Achondroplasia (ACH) is characterized by abnormal proliferation and differentiation of the chondrocyte growth plates and endochondral bone growth. It is presented by macrocephaly with distinct facial anomalies, including frontal bossing, depressed nasal bridge, and rhizomelic dwarfism. Further clinical phenotypes include protruding abdomen and bottoms with short hands. Multiple joints, except the elbows, are hyperextensible.[1] Psychomotor delay anomalies can be caused by hydrocephalus, narrow foramen magnum, and spinal canal stenosis. Although it is a rare disorder with a prevalence of 15000 to 40000 live births, ACH is a very common bone dysplasia.[2] Majority of the ACH cases are sporadic.[3] The autosomal dominant inheritance is mainly caused by mutations of fibroblast growth factor receptor 3 (FGFR3) gene, which encodes a transmembrane (TM) receptor. FGFR3 is important in development; therefore, the expression of FGFR3 has been reported in many tissues, including cartilage, brain, kidneys, and intestines. The mutations within the FGFR3 gene mainly disturb the chondrocyte proliferation and cartilage development. Thus, it has a direct effect on the phenotype of ACH.[4] The most common mutation was shown to bec.1138G > A (p.G380R).[5] [6] Pathogenic mutations, including this one, leads to gain-of-function properties. In this study, we report the genetic diagnosis in a 2-year-old male with clinical indications suggestive of ACH, with the exception of cervicomedullary compression and hydrocephaly.

Case Report

A 2-year-old male child patient was presented to pediatric endocrinology clinic at the Bursa Uludag University Hospital. He was born via caesarean delivery at 39 weeks of gestation as the second birth of the third pregnancy of a 33-year-old female ([Fig. 1]). His weight, height, and head circumference were 3340 g, 49 cm, and 35 cm, respectively. The femur shortness of the patient was reported at the 28th week of the gestational period. In the following weeks of the gestation, he was reported to have an increased head circumference. After the delivery, he was admitted to intensive care for 10 days due to respiratory distress. At the 17-month checkup, he weighed 6.5 kg (< 3p), 65 cm (< 3p), and head circumference of 49 cm (50–75p). Physical examination revealed macrocephaly, mild narrow thorax, long body, flatted nose, simian line on the left hand, shortness on the tips of the fingers, and shortness of rhizome in the limbs ([Fig. 2]). Furthermore, hypotonicity was also reported. Even though, he could control his head, pick up and hold the objects with his thumb and index fingers, turn sideways and crawl backwards; he could not sit without support. His speech was impaired, in such he could only communicate via single words, rather than sentences. Radiologic investigation showed a compression of the interpedicular distance toward the distal end, expansion of the discs and pelvis penetration and short extremities. Cranial MRI showed frontal bossing of the cranium. In the follow-up checkups, he was reported to have delayed neurologic development.

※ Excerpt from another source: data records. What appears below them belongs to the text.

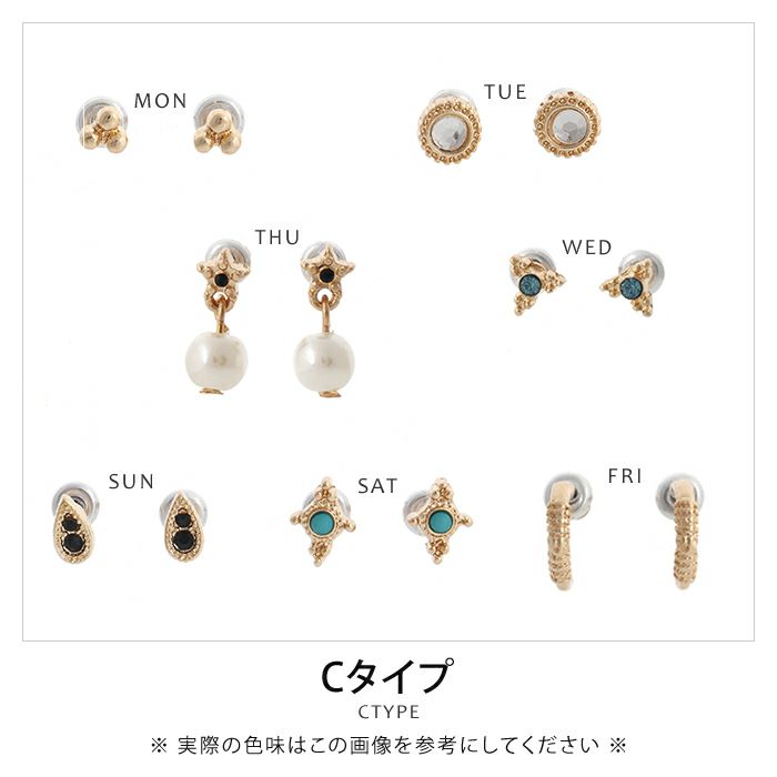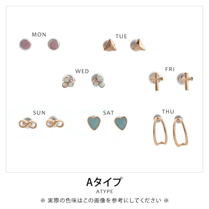• 小ぶりなデザインが可愛い、一週間分がセットになったピアス。
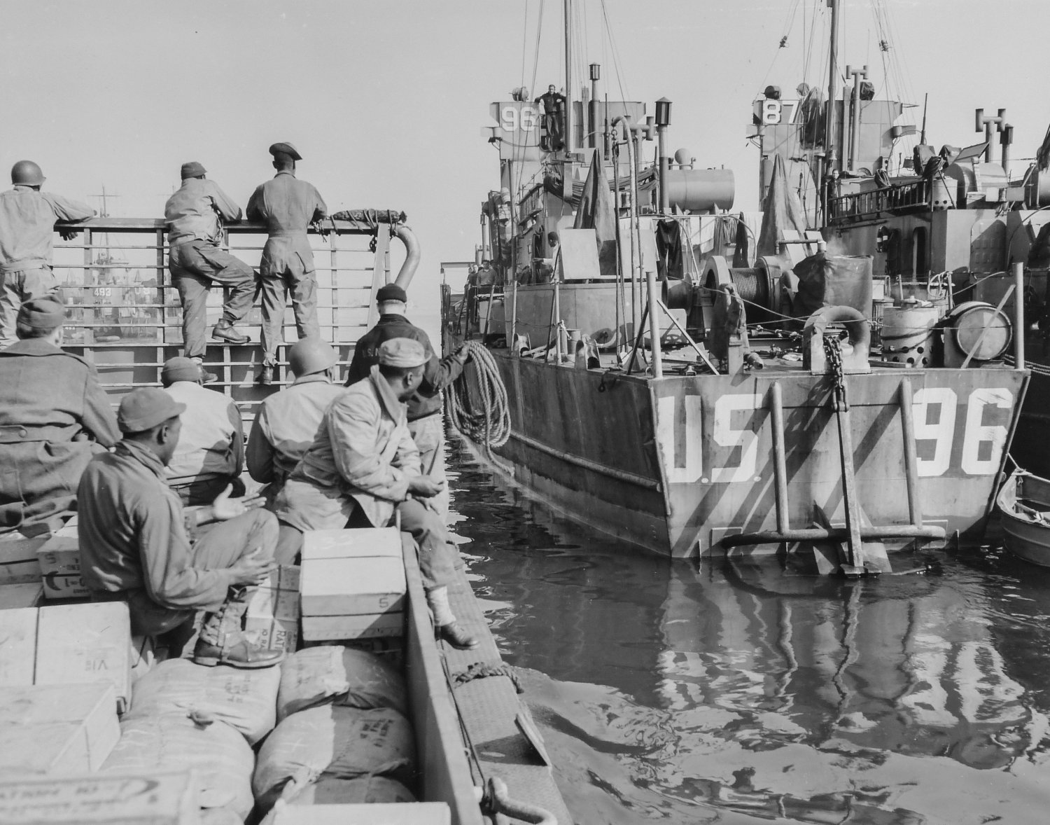 87k | Coast Guard LCI Flotilla 4, including USS LCI(L)-87 and USS LCI(L)-84 tied up in the background along with British landing craft, preparing to sail the English Channel and invade Nazi-occupied France. These landing craft landed US troops on Omaha Beach. USCG photo, date unknown. |
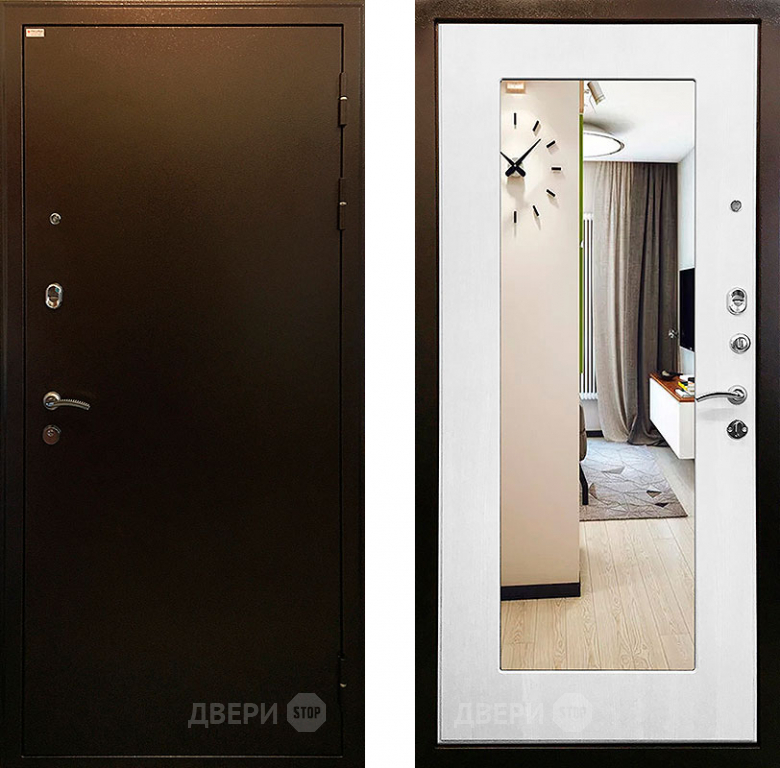 Входная металлическая Дверь Ратибор Милан 3К зеркало Белый ясень в Шатуре 860х2050 мм
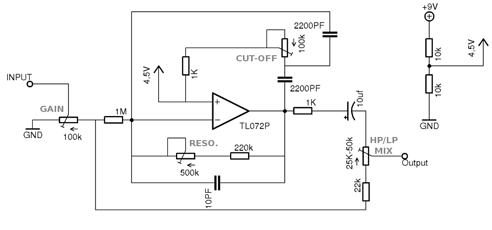 Dirt VCLPF is a very simple inverting twin t filter with a drive/gain stage. You can Ignore the lower part, it is just my power supply. Just connect VCC with 9V or 12V and it will run fine. Maybe put some filter caps between VCC and GND, because this filter is very sensitive to shitty wallwarts which will introduce some noise to the output signal.
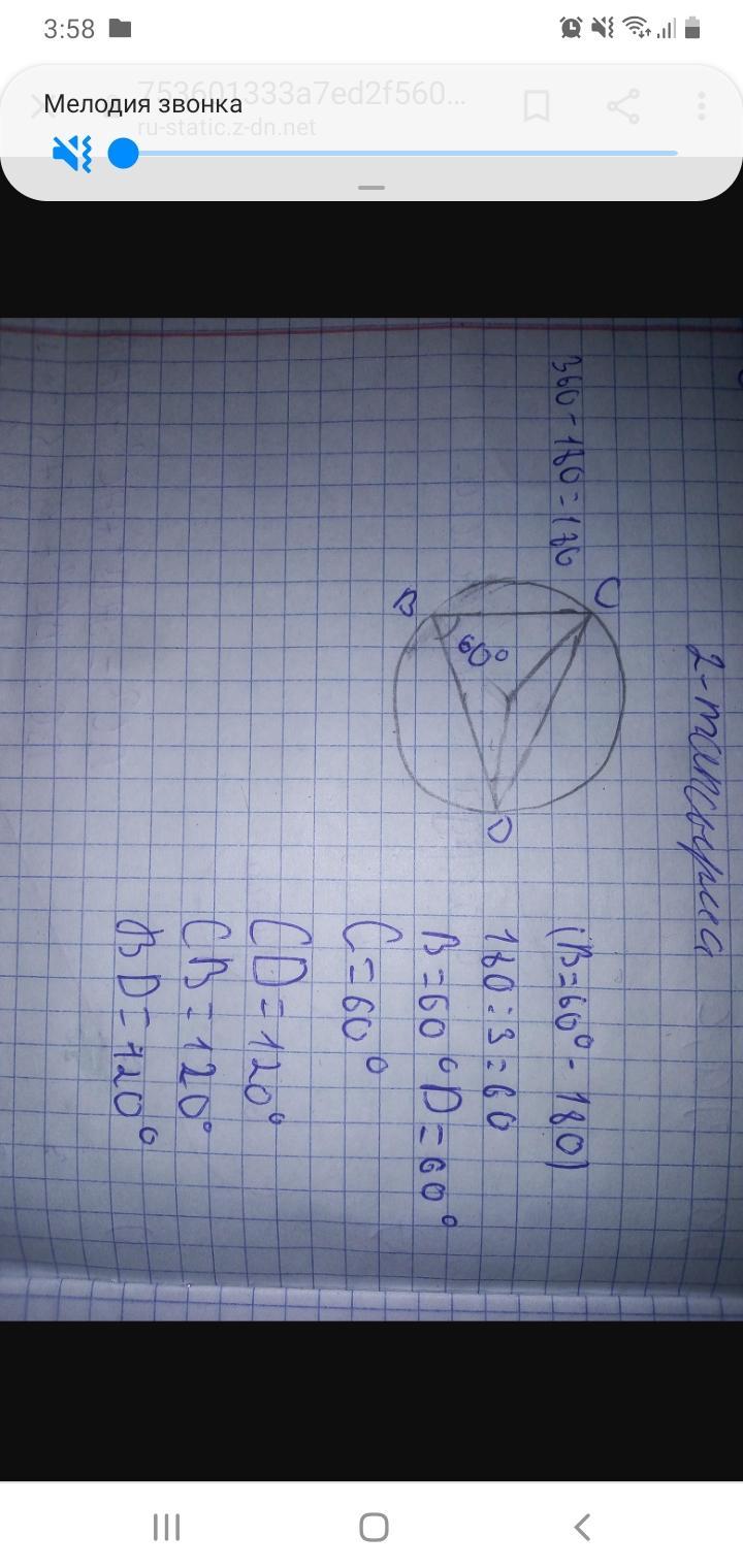 Шеңберге іштей CBD тенбуйрли үшбұрышты сызылган. Үшбұрыштың CD табанының ұзындыгын шеңбердің радиуысына тең. CB BD және CD догалардын олшемин аныктаныз.

At the age of 3.5 years, he weighed 9.8 kg with 74 cm in height, hypotonicity, impairment of walking, distinct hypersensibility, and gibbus deformity. Although these findings were in accordance with ACH phenotype, due to the absence of cervicomedullary compression and hydrocephaly, these findings could also be associated with another skeletal dysplasia. Therefore, genetic testing was offered to the parents of the patient.

Genetic Diagnosis

Informed consent was obtained from the patient's parents, and whole blood was withdrawn from the patient as well as the parents for genetic analysis. DNA extraction was performed (DNeasy Blood and Tissue Kit, Qiagen, UK) and clinical exome sequencing of 4,813 genes was performed using TruSight One Sequencing Panel (Illumina, UK) on MiSeq platform.

Results

Clinical exome sequencing analysis revealed c.1138G > A mutation within the FGFR3 gene ([Fig. 3]). This missense mutation led to substitution of glycine with arginine at position 380 (p.G380R) within the FGFR3 protein. The mutation was heterozygous, and it was confirmed by Sanger Sequencing on CEq. 8800 system (Beckman Coulter). The parents' genetic testing showed no mutation within exon 10 of FGFR3 gene, and therefore it was concluded that this mutation was de novo.

Discussion

ACH is the most common form of skeletal dysplasia that leads to short-limb dwarfism in humans.[7] The main clinical manifestation is macrocephaly with prominent forehead, flat nasal bridge, and short upper arms and legs. More than 90% of the ACH patients were shown to have a mutation at nucleotide position 1138 on FGFR3 gene, located on 4p16.3.[5] This gene has shown to have crucial roles in the development of the skeleton. The gene is approximately 15kb and compromises 10 introns and 19 exons. All of these exons encode the TM domain of the gene. Receptor tyrosine kinase FGFR3 has 806 amino acid residues and three domains, including an intracellular region, a TM domain, and an extracellular region. FGF has the ability to bind to acetylated proteins on cells. This attachment stimulates the receptor dimerization and tyrosine kinase transautophosphorylation.[8]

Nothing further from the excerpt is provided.